Scikit-Learn: Generate One-Hot Encoding Feature Using MultiLabelBinarizer

One-hot encode is widely used in nlp. In this tutorial, we will introduce how to create one-hot encode using scilit-learn MultiLabelBinarizer.

Scikit-Learn: Generate One-Hot Encoding Feature Using MultiLabelBinarizer

1.Import library

from sklearn.preprocessing import MultiLabelBinarizer
import numpy as np

2.Prepare text data

y = [('Texas', 'Florida'), 
    ('California', 'Alabama'), 
    ('Texas', 'Florida'), 
    ('Delware', 'Florida'), 
    ('Texas', 'Alabama')]

3.Create one-hot encode using MultiLabelBinarizer()

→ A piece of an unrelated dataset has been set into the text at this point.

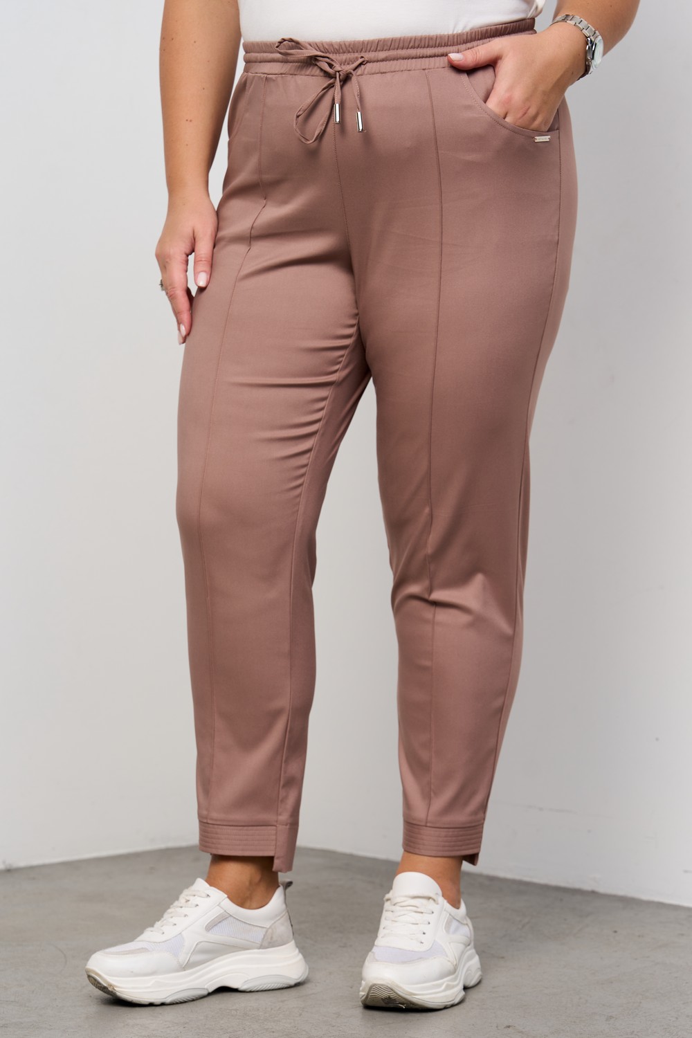 Женские зауженные брюки больших размеров в цвете капучино со стрелками от бренда Интикома (Intikoma). Защипы по переду визуально вытягивают силуэт, пояс на резинке дарит комфорт при носке. Карманы по переду функциональные.

one_hot = MultiLabelBinarizer()

# One-hot encode data
one_hot.fit_transform(y)

Run this code, you will get one-hoe encode as follows:

array([[0, 0, 0, 1, 1],
       [1, 1, 0, 0, 0],
       [0, 0, 0, 1, 1],
       [0, 0, 1, 1, 0],
       [1, 0, 0, 0, 1]])

4.View word one-hot encode

print(one_hot.classes_)

Run this code, you will see:

array(['Alabama', 'California', 'Delware', 'Florida', 'Texas'], dtype=object)